This interpretation relies, to a certain extent, on regarding authenteo as qualifying didasko. Paul would not then be forbidding a woman from either teaching or exercising authority over a man, but of teaching him in an overbearing manner. Kostenberger objects that the connecting word oude (‘or) ‘is a coordinating than than a subordinating conjunction.’ This would mean that although the two activities (teaching and exercising authority) are distinct, although they have the same (positive or negative) force. In other words (according to Kostenberger) since didasko is ‘almost certainly’ positive in its connotation, so also authenteo is likely to be.
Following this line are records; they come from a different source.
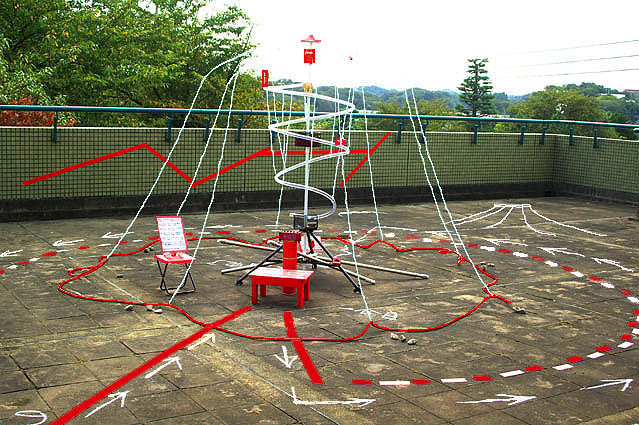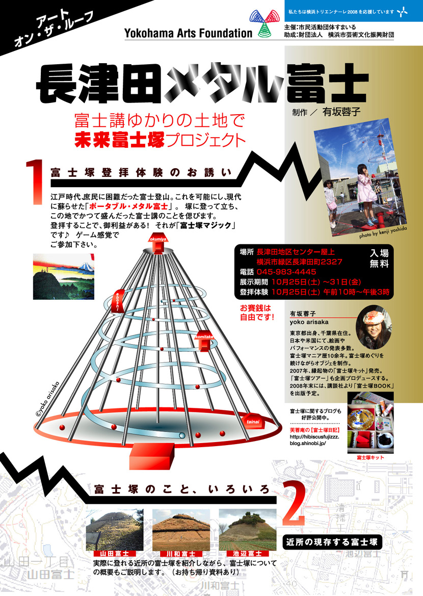 「メタル富士」は、現代のポータブル富士塚です。 過去、2007年、2008年、2009年と建ててきました。 横浜市緑区長津田の大山街道沿いの地区センター屋上に2回、 そしてNHK番組「熱中時間」のスタジオに1回です。 今回建てたのは、横浜市都筑区の大塚・歳勝土遺跡公園(弥生時代の遺跡)。 「都筑アートプロジェクト2014」の「NEW TOWN ISEKI HOUSE」 の参加です。 9月21日(日)〜10月19日(日) 横浜市営地下鉄センター北駅近くの大塚・歳勝土遺跡公園 この一帯は、ニュータウンとして宅地造成が多いですが、 環濠集落というムラを形成した遺跡もある珍しい場所でもあります。 丘陵の突端にある地形は、富士山の眺望が素晴らしかったポイント。 遺跡ハウスのポスターは、横浜市営地下鉄「センター北」駅から 横浜市立歴史博物館へ向かう道に貼られています。 メタル富士は富士山の方角に向かって建っています。 踏み台に登っただけで「メタル富士登頂」+「富士山に向かう」という仕組み。 また、メタル富士は想いを飛ばす「送信所」でもあり、ここでお参りします。 拝んだ後は、自分の分身となる赤いビー玉をチューブに投入します。 ビー玉は螺旋を描いて下山し、登拝記念としてお持ち帰りできます。 奥宮、烏帽子岩、小御嶽神社も設置されています。 夕方になると、日時計のようなメタル富士が長い影をつくります。 都筑区には3つの富士塚があり(山田富士・川和富士・池辺富士)、 第4の富士塚がこのメタル富士です。 Facebook あり〼 屋上の壁や地面も含めて富士山なので、全てをカメラに収めることはできませんが、だいたいこんな印象ですかね〜。 登拝の順路等は、私自身のレポートよりずっとわかりやすい記事が こちらのブログで読むことができます。hozhoさん、感謝でございます♪ |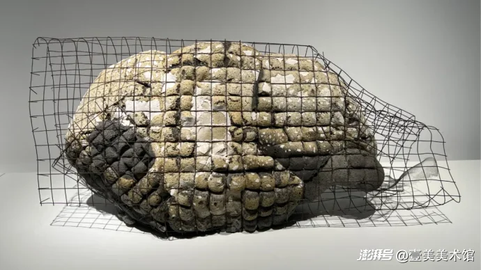 張一楊、黃瀾越、林村、陳煒博,《畫(huà)石》,陶、金屬,50X150X120cm,2024。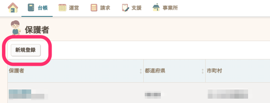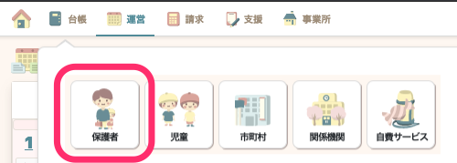 - グローバルナビの【台帳】から【保護者】をクリックします。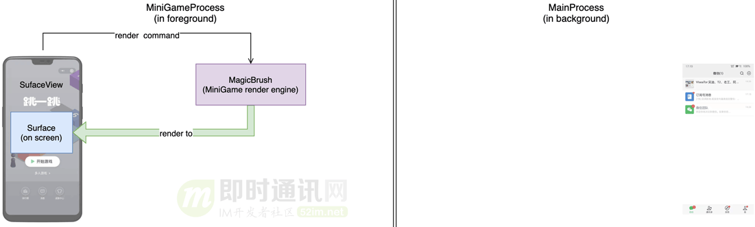 可以看到图中左半边表示在前台的小游戏进程,其中MagicBrush为小游戏渲染引擎,它接收来自于小游戏代码的渲染指令调用,将画面渲染到在屏的SurfaceView提供的Surface上。整个过程主进程在后台不参与。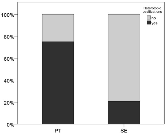 There are even hints of gender-specific differences in the expression of heterotopic ossifications after central nervous system trauma. Ranganathan et al. showed that male mice formed ~30% more ectopic bone when compared to female mice, possibly due to increased insulin-like growth factor-1 and bone morphogenetic protein (BMP) signaling in males [36]. Unfortunately, due to there being only one female patient in the PT group, gender-specific evaluations were not possible.

Michael Bird thinks that ‘to teach’ and to ‘assume authority’ should be regarded as constituting a couplet, rather than defining two separate activities:
‘The beginning of 1 Timothy 2 has numerous couplets of synonymous ideas, such as “kings and all those in authority,” “peaceful and quiet lives,” “godliness and holiness” (v. 2), “this is good, and pleases God” (v. 3), “saved and … come to a knowledge of the truth” (v. 4), “a herald and an apostle,” “I am telling the truth, I am not lying” (v. 7), “anger or disputing” (v. 8), “decency and propriety” (v. 9), and “quietness and full submission” (v. 11). Given that context, it is probable that “to teach” and “to assume authority” are roughly approximate and refer to something like “exercising authority through teaching.”’ (Bourgeois Babes, Bossy Wives, and Bobby Haircuts)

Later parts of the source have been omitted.